Wild Raspberries is an illustrated cookbook created in 1959 by American artist Andy Warhol and socialite Suzie Frankfurt. Produced before Warhol's rise as a leading Pop artist and Frankfurt's prominence as an interior designer, the book offers a satirical take on haute cuisine and gourmet culture, parodying mid-20th-century cookbooks through playful recipes and whimsical visuals.

Originally self-published in a limited edition of 34 copies, the book remained relatively obscure until it was reissued in 1997 by Little, Brown & Company under its Bulfinch Press imprint.

== Background ==
In 1959, while expecting her second child, Suzie Frankfurt encountered Andy Warhol's watercolors at Serendipity. Impressed by his work, she arranged a lunch meeting at the Plaza Hotel's Palm Court, with her husband, Stephen Frankfurt, acting as an intermediary. The meeting marked the beginning of a close friendship between Frankfurt and Warhol.

Going out for lunch and shopping together soon became a ritual. During one of their outings, Frankfurt suggested to Warhol that "we had to write a funny cookbook for people who don't cook." She later recalled that her mother, "a hostess sine qua non," had emphasized the importance of entertaining, inspiring her to follow suit just as French cookbooks were becoming fashionable. "I tried to make sense of them," she said. "'Make a béchamel sauce,' they'd say. I didn't even know what that was." This led to their collaboration Wild Raspberries, a playful homage to Ingmar Bergman's 1957 film Wild Strawberries.

== Content ==
The book was produced while Warhol was working as a successful commercial artist. Frankfurt wrote the text, while Warhol illustrated the recipes, with calligraphy provided by his mother, Julia Warhola. Frankfurt recalled, "So we did the book, Andy with his Dr. Martin's dyes and Mrs. Warhol, her calligraphy. She was gifted and untutored, and we left all the spelling mistakes. I wrote the recipes."

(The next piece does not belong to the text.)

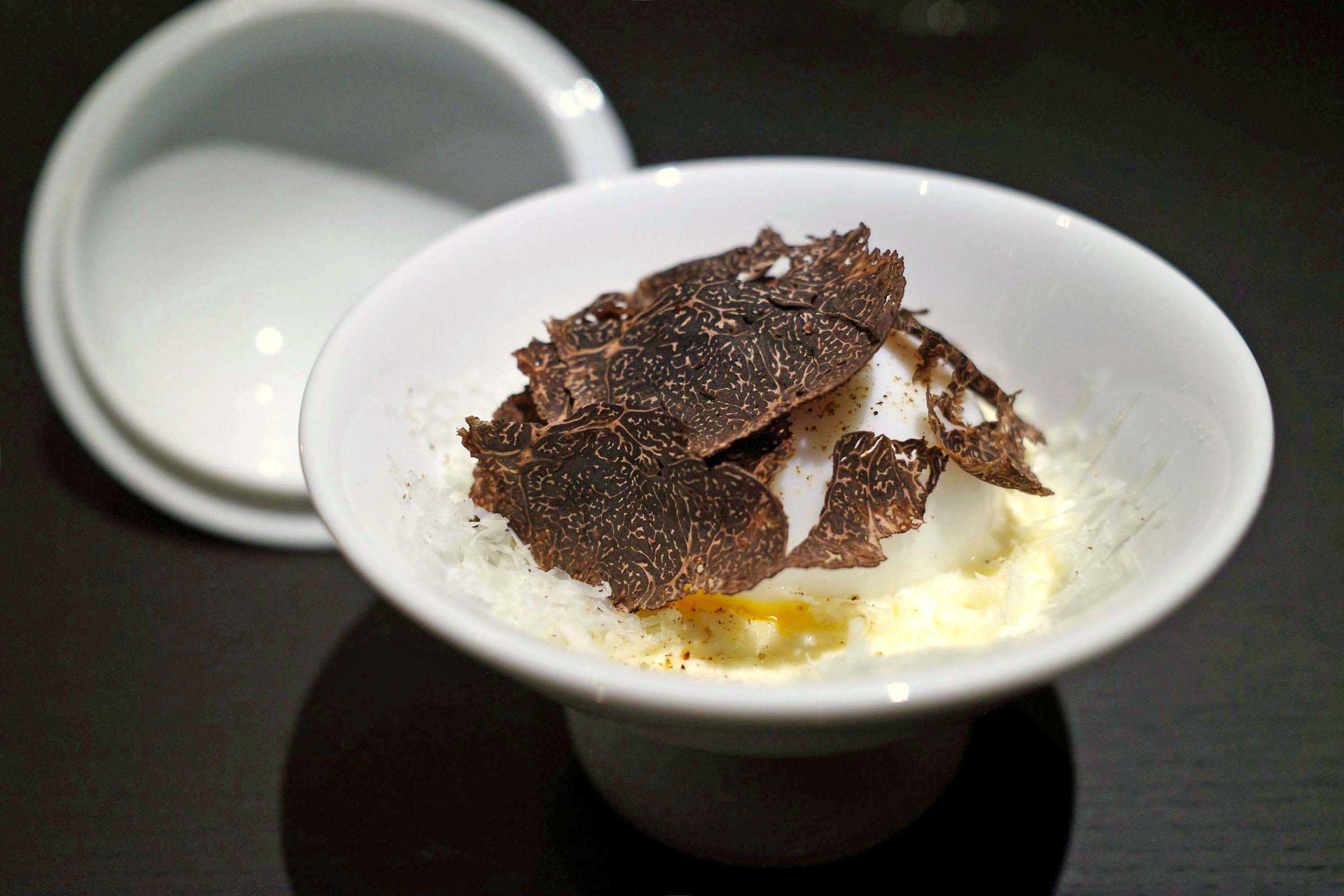 “カルボナーラの再構築”では、トリュフの妖艶な香りを堪能できる。トリュフを注入した玉子を割り、惜しげもなくスライスされたトリュフを混ぜ合わせて食べれば、我を忘れるような口福に満たされる!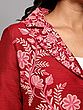 The embroidery adorning this jacket is a celebration of nature's beauty. Delicate floral clusters and winding vines in soft pinks and lighter reds gracefully cascade across the lapels, the front opening, and the sleeves. Each petal, leaf, and stem is rendered with precision, showcasing the skill and dedication of the artisans. The contrast between the deep red silk and the lighter, detailed embroidery creates a captivating visual appeal that is both sophisticated and eye-catching.

The project humorously exaggerated fine dining trends through absurd and impractical recipes, such as "Omlet Greta Garbo," which is "always to be eaten alone in a candlelit room", "Gefilte of Fighting Fish" ("immerse them in sea water and allow them to do battle until they completely bone each other. Take the fillets, stir in white wine and serve slightly chilled"), and "Seared Roebuck": "roebuck shot in ambush is infinitely better than roebuck killed after a chase."

== Publication ==
Wild Raspberries was self-published in a highly limited edition of approximately 34 copies and distributed to friends rather than widely sold. The manuscript contains 18 offset lithographs and a title page, printed by Seymour Berlin. Schoolboys were hired to color the pages, glossy paper was chosen for the covers, and the books were bound in fuchsia boards by rabbis on the Lower East Side. "There were two versions, colored and semicolored. We thought it would be a masterpiece and we'd sell thousands. I think we sold 20," Franklin said. A small number of copies were available through Serendipity, which operated as both a café and an informal gallery.

Owing to its limited circulation, the book remained relatively obscure for decades until it was reissued in 1997 by Little, Brown & Company under its Bulfinch Press imprint, a project initiated by Frankfurt's son, art dealer Jaime Frankfurt. Because of the scarcity of the original limited-edition books, they have become highly sought-after collector's items, with copies selling for over $40,000 at auction.